ANDROGEN DEPRIVATION THERAPY: ADVERSE EFFECTS Check BMD at baseline; start Ca + D Bisphosphonates Osteoporosis Bony metastases of androgen-independent prostate cancer Because of the significant risk of adverse effects on the skeleton in men who are prescribed androgen deprivation therapy, it is recommended that a bone mineral density determination be made at baseline, before treatment is begun. Calcium and vitamin D supplementation should be provided to men who begin androgen deprivation therapy. Those men who are found to have or who develop osteoporosis should be considered for bisphosphonate treatment. And, as I mentioned earlier, bisphosphonates like zoledronic acid can be helpful as well for men who have skeletal deposits of androgen-independent prostate cancer.

ADVANCED PROSTATE CANCER …almost always becomes androgen- independent after some time on ADT Duration of ADT response in metastatic disease typically 14-20 months Options: Hormone receptor blockers (flutamide, bicalutamide, nilutamide) Ketoconazole – decreases adrenal androgen synthesis As I said before, it’s an unfortunate fact that almost all cases of advanced prostate cancer eventually become androgen-independent after some time on treatment with androgen deprivation therapy. The duration of response to castration in treatment of metastatic disease is on the order of 14 to 20 months. When cancer progresses after treatment with androgen deprivation therapy, some options remain. Hormone receptor blockers – such as flutamide, bicalutamide, and nilutamide – can be employed. Or, ketoconazole may be helpful; in addition to its antifungal action, this agent also decreases androgen synthesis by the adrenal gland.

REFERENCES AND READINGS Baum N. Clinical Geriatrics 2005;13(5):23-26. Johansson JE et al. JAMA 2004; 291:2713-2719 Mortimer JE, McElhaney J. Cancers in the Geriatric Population. Chapter 30 in: Landefeld CS et al. Current Geriatric Diagnosis and Treatment, 2004, McGraw-Hill. The next two slides list some of the major references used to create this presentation. If you are interested in learning more about the subject of prostate cancer, these sources make excellent reading, and their bibliographies are helpful as well.

REFERENCES AND READINGS Sharif N et al. JAMA 2005;294:238-244. Stoller ML, Carroll PR. Urology. Chapter 23 in: Tierney LM Jr, McPhee SJ, Papadakis MA, Current Medical Diagnosis & Treatment, 2004, McGraw-Hill.
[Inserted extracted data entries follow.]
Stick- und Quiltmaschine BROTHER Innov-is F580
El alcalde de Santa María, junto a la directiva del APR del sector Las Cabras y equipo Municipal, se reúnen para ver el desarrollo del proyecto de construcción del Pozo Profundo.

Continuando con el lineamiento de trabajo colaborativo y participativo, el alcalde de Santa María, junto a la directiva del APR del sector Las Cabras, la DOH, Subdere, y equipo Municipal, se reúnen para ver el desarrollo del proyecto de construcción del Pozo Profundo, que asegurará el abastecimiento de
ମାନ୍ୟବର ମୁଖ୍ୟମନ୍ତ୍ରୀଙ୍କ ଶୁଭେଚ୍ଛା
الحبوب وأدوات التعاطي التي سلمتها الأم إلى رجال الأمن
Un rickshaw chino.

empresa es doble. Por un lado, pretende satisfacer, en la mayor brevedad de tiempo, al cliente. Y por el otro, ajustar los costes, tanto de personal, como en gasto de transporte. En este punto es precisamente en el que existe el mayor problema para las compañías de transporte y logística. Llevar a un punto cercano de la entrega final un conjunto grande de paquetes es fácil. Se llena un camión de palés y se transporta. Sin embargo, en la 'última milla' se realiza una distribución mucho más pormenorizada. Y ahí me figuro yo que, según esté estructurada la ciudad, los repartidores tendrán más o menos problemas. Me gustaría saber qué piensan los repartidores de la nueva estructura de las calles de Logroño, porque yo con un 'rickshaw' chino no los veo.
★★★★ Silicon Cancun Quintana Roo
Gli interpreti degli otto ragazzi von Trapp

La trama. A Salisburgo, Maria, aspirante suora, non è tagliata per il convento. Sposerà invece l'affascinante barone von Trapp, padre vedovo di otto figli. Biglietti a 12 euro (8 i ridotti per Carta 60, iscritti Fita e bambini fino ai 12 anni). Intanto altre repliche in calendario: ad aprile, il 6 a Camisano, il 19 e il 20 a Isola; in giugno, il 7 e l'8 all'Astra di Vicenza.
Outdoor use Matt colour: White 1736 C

This completes Module 3 of kidney and prostate disease, covering prostate cancer. To proceed to the question, close this window, advance to page two in this learning unit and click on “Module 3 question.” Don’t forget to complete your evaluation in order to receive credit.
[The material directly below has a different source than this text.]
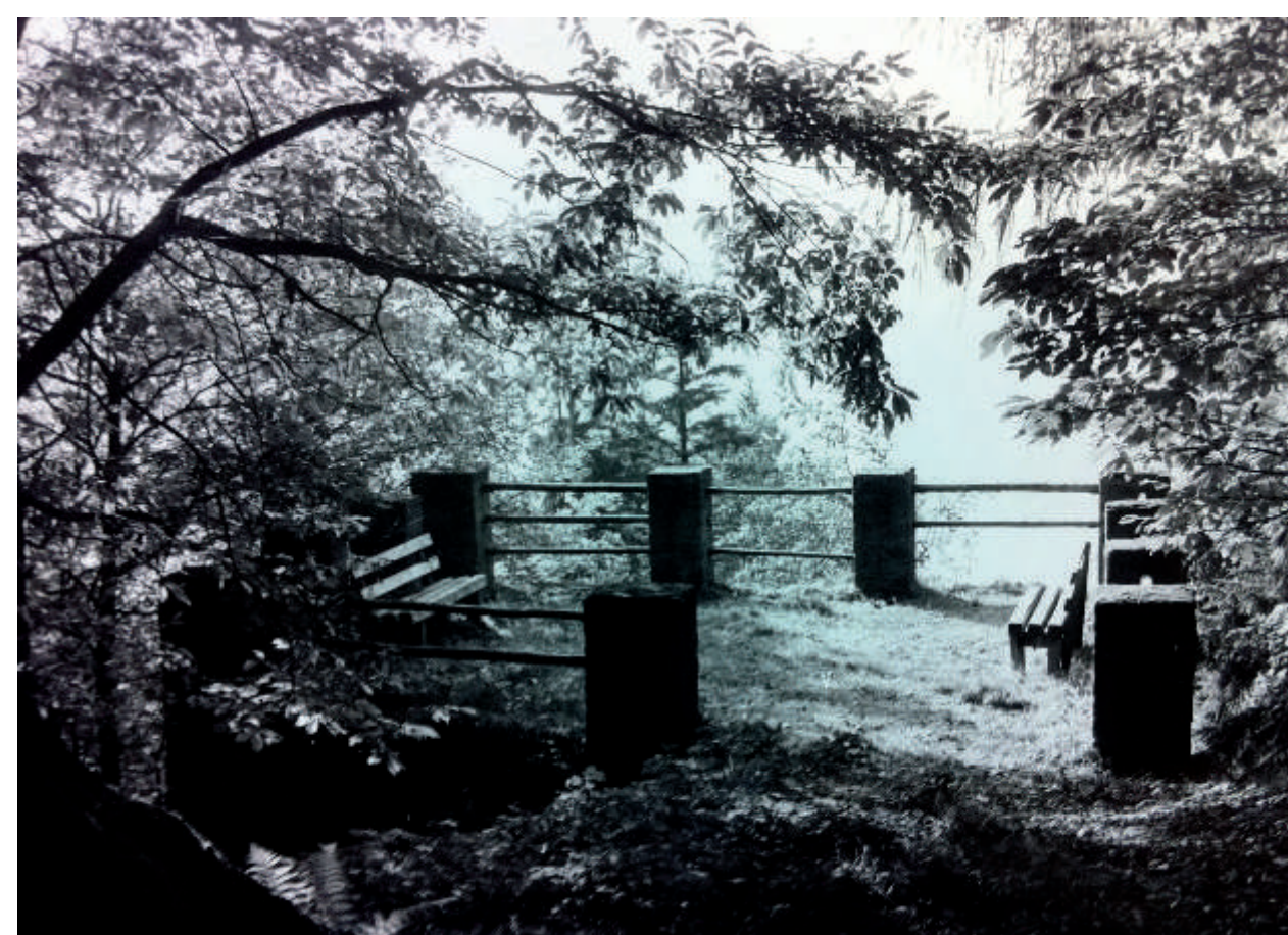
Nach dem 2. Weltkrieg war ein Ausblick vom Fundament des Aussichtsturms noch möglich. Heute (2014) kann man nur noch im Winter auf die Stadt blicken.

Post test 1 An 82-year-old patient of yours is diagnosed with prostate cancer, and pelvic imaging strongly suggests he has extensive involvement of pelvic lymph nodes. Because of his functional dependence (he requires assistance for bathing and dressing, and he ambulates with a walker) and comorbidity (he has poorly-controlled diabetes mellitus, advanced heart failure, and mild dementia), he is started on leuprolide injections as sole therapy. All of the following statements regarding his androgen deprivation therapy (ADT) are true EXCEPT:

All of the following statements regarding his androgen deprivation therapy (ADT) are true EXCEPT: Flutamide should be started before the GnRH agonist, leuprolide. (b) ADT is expected to reduce his risk of pathologic fractures. (c) ADT is expected to prolong his survival. (d) ADT may exacerbate his cognitive problems. (e) His bone mineral density should be checked before treatment begins, and he should be considered for treatment with a bisphosphonate.

Correct Answer: (c) ADT is expected to prolong his survival. Feedback:(c) is not necessarily a true statement (and therefore is the correct answer); it is not yet clear that ADT prolongs survival in men with prostate cancer, although it does reduce the risk of many complications. Statement (a) is true, because androgen blockers reduce the odds of GnRH-induced flares. Statement (b) is true pathologic fractures are one complication that occur less frequently when GnRH agonists are employed. Statement (d) is true, and should be remembered in the care of patients like this one who already have cognitive deficits. Finally, statement (e) is true, because ADT places patients at risk of treatment-induced osteoporosis.